Density of water molecules along the axial direction of the layer with the narrowest diameter of the pore inside α = 1/3 and α = −1/3. The inset shows the layer with the narrowest pore (dashed line).
Furthermore, in case of α = 1/3, large amount of water molecules (bulk-like) approaching the narrowest diameter of the pore should contribute to diminish highly the water viscosity of single-file configuration because of the increase in hydrogen bonds. Although the dipole orientation of water molecules inside CNTs maintains oversimulation time, in graphene nanopores, the dipole orientation of water molecules is frequently flipped [46]. Here, we intend to show how dipole orientation of water molecules may behave across pores in multilayer system. Taking into account all the water molecules inside pores, the averaged dipole orientation was estimated by computing the angle between water dipole and the axial direction (perpendicular to the surface of the multilayer). Figure 4a and b shows the profiles of the averaged dipole orientation of water molecules inside asymmetric pores α = 1/3 and α = −1/3, respectively. Over 4000 calculated values are used to plot the average dipole orientation of water molecules inside asymmetric structures (α = 1/3 and α = −1/3). In case of α = 1/3, the average dipole orientation fell into two range groups of 149–153° and 158–162°, while in the case of α = −1/3, the value of average dipole orientation fell only in the range of 44–47°. This implies a degree of water molecule ordering inside the pore in the case of α = 1/3, which enhances the formation of hydrogen bonds between water molecules. Moreover, the variation of the dipole orientation tends to strengthen the water-water interaction resulting in higher hydrogen bonds. This is responsible for fast transport of water molecules in monolayer graphene [13]. We believe that this implication could be also valid in multilayer graphene systems.
Figure 4.
Probability distribution of dipole orientation of water molecules inside the (a) α = 1/3 and (b) α = −1/3 systems, and (c) dipole orientation of water molecules in relation to time inside these two pore systems.

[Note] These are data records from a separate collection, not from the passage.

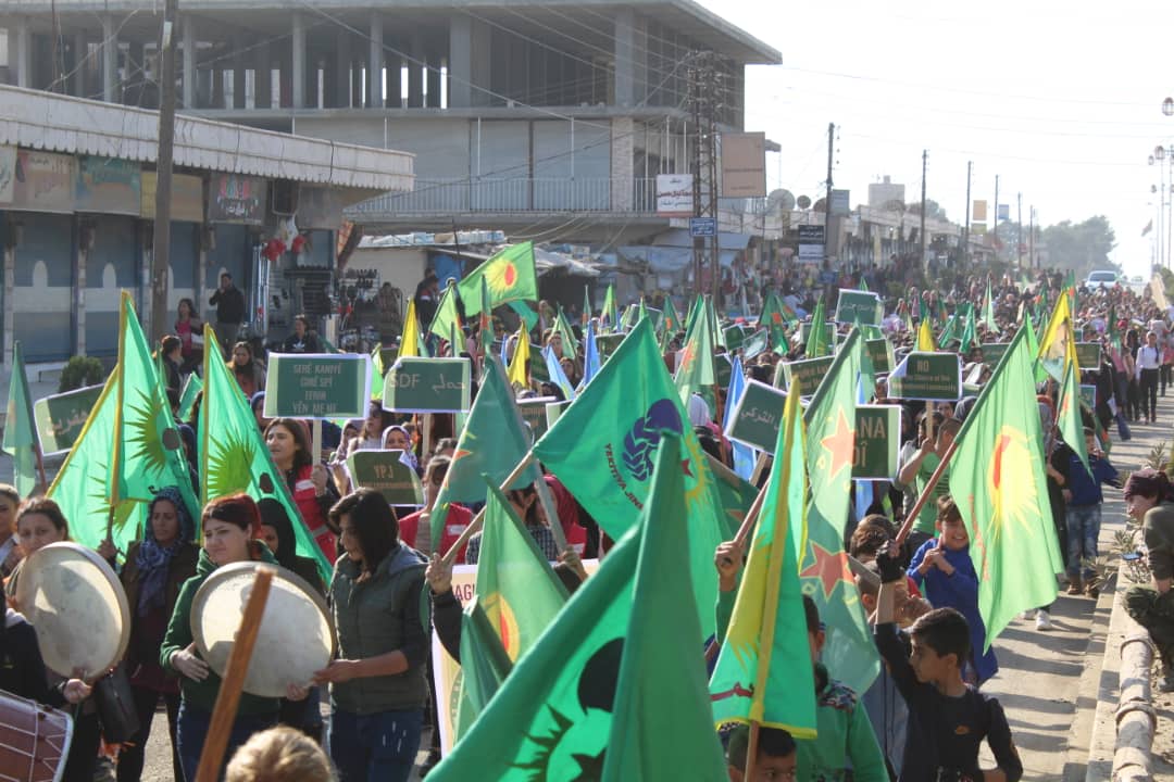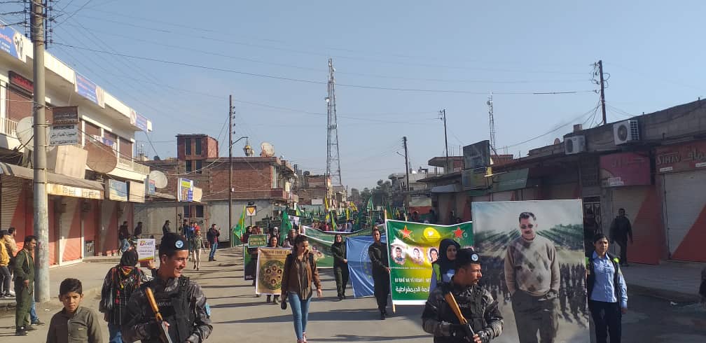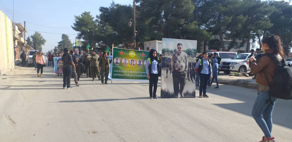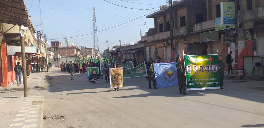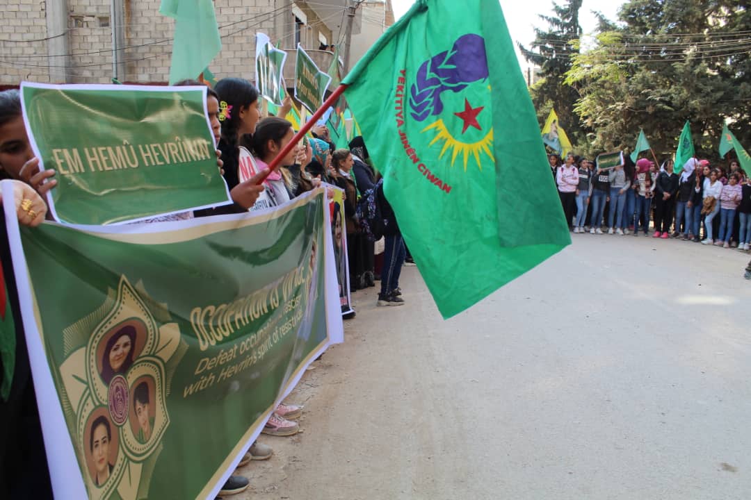 Yürüyüşte, üzerinde “Hevrin kadın birliğinin sembolüdür”, “Şiddet işgaldir! Hevrînlerin direnişiyle işgal ve faşizmi yenelim”, “Zafer günü geldiği vakit arkana baktığında teslim olmadığın için kendinle gurur duyacaksın” yazılı pankartlar ile YPJ bayrakları, Hevrîn Xelef, Eqide Ana’nın posterleri taşındı. Yürüyüş ilçenin batısına kadar sloganlar eşliğinde devam etti.
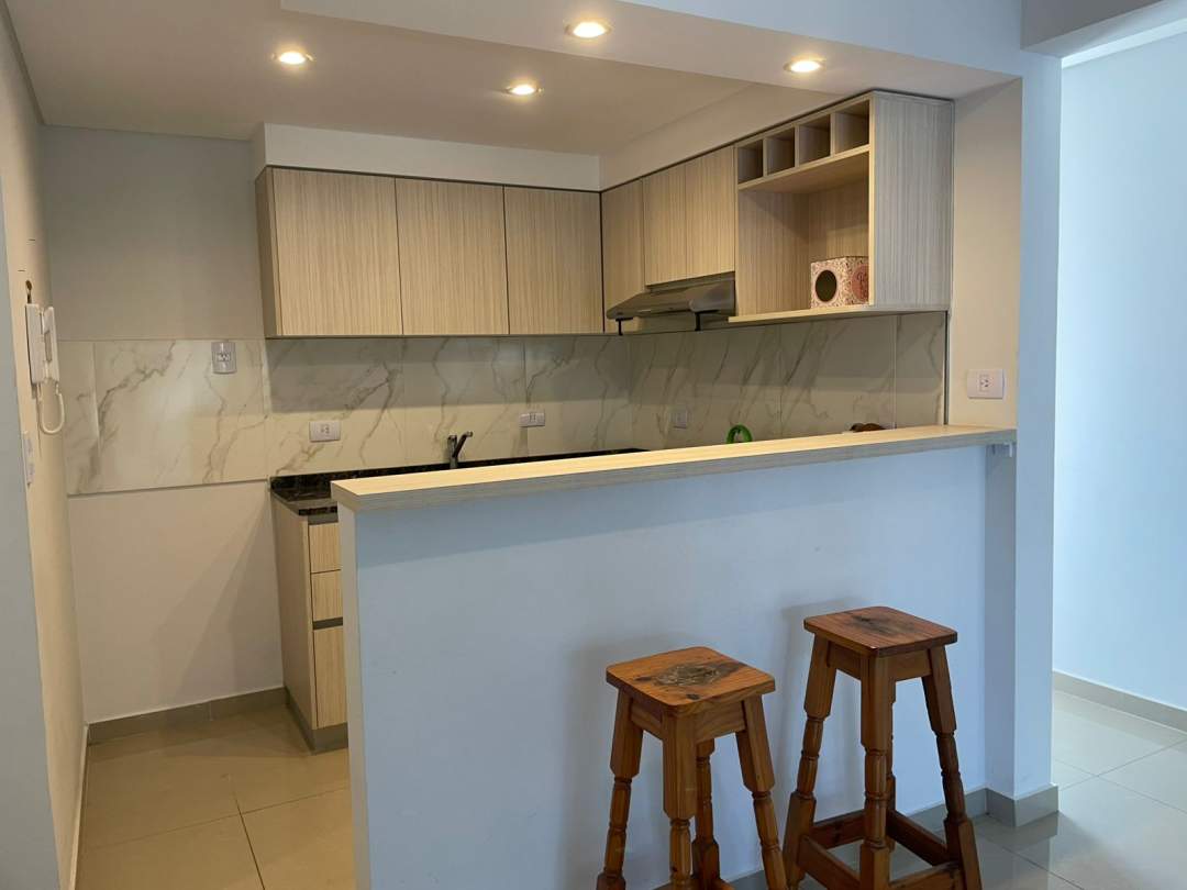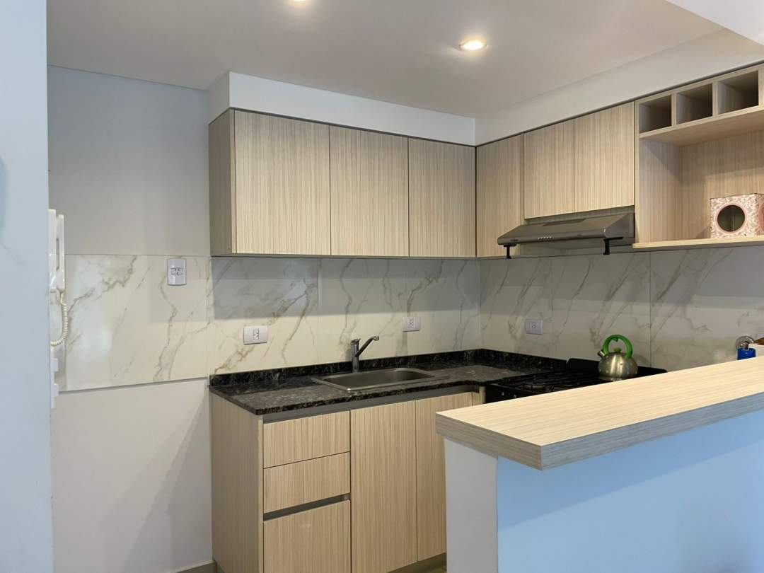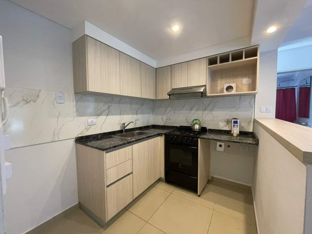 • Cocina totalmente equipada con bajo mesada, alacenas y barra desayunadora.
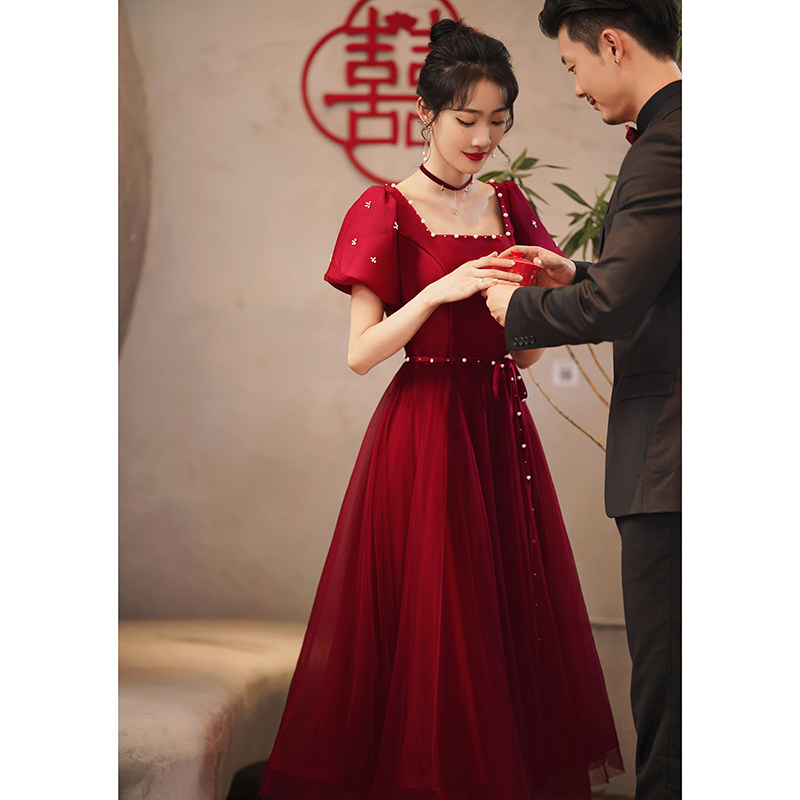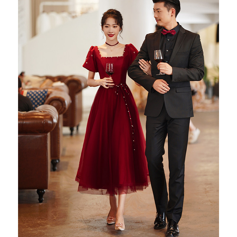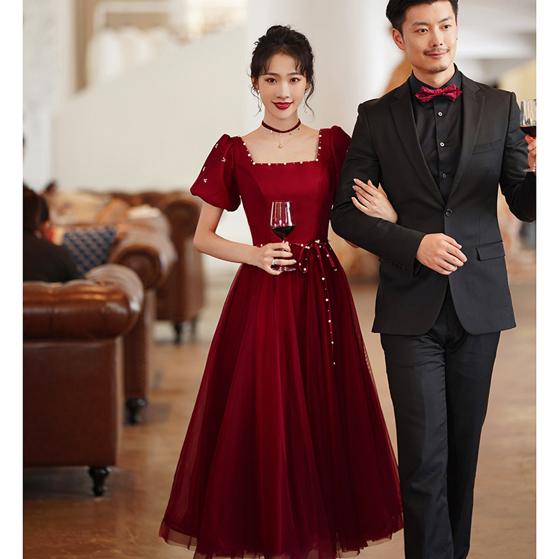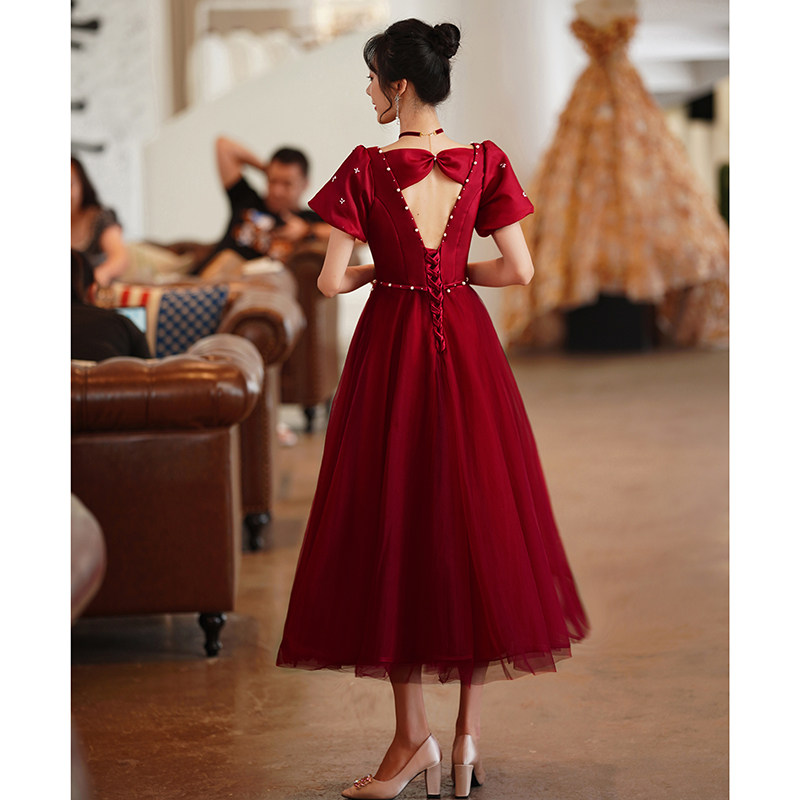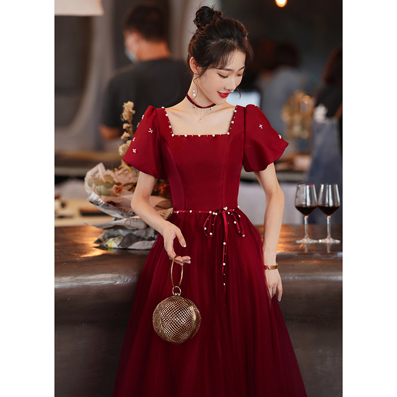 Бордовое дизайнерское вечернее платье для принцессы, коллекция 2023, французский стиль
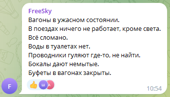 "Основной причиной задержек поездов является состояние магистральных путей, износ которых составляет 57 %. По этой причине для обеспечения безопасности пассажиров вынуждены снижать скорость движения пассажирских поездов.

Although, the average dipole orientation inside α = 1/3 and α = −1/3 systems is only flipped during the course of few picoseconds, it maintains for whole the simulation time showing a higher magnitude of dipole inside α = 1/3, as given in Figure 4c. At constant layer spacing (d = 6 Å), the obtained results show that the dipole orientation of water molecules inside the multilayer graphene membrane is different from that across single-layer graphene, in which the dipole orientation has frequently flipped. This implies that every single layer in multilayer system provides the energy barrier which allows the water molecules to freely flip. It would be expected that by increasing the layer spacing up to several angstroms, this phenomenon changes. The fluctuation of free energy occupancy in relation to the number of water molecules across asymmetric pores is given in Figure 5a and b. We computed the free energy using the equation, G(N) = −Ln[P(N)]/b, where P(N) is the probability of finding the exact N molecules of water in the system, b = (kBT)−1, KB and T stand for the Boltzmann constant and temperature, respectively. Ranging from 896 to 926 water molecules, the most probable of water molecules is being with 904 molecules inside α = 1/3. However, considering 722–756 water molecules inside α = −1/3, the 728 is the most probable. In comparison to α = −1/3, the water molecules are increasingly accommodated inside α = 1/3 because of the strong interplay between molecules, which results in forming the stabilized chain of water molecules. In comparison to α = −1/3, a wider distribution of probability with higher number of water molecules are found inside α = 1/3. As a result, a high rate of water conductivity can be found inside fully filled asymmetric model of α = 1/3. In addition, the probability of existence of higher numbers of water molecules is scarcely observed inside α = −1/3 due to the strong water-wall interplay.
Figure 5.
Free energy of occupancy as a function of the number of water molecules inside the (a) α = 1/3 and (b) α = −1/3 systems, and (c) free energy of occupancy as a function of the number of hydrogen bonds inside these two pore models.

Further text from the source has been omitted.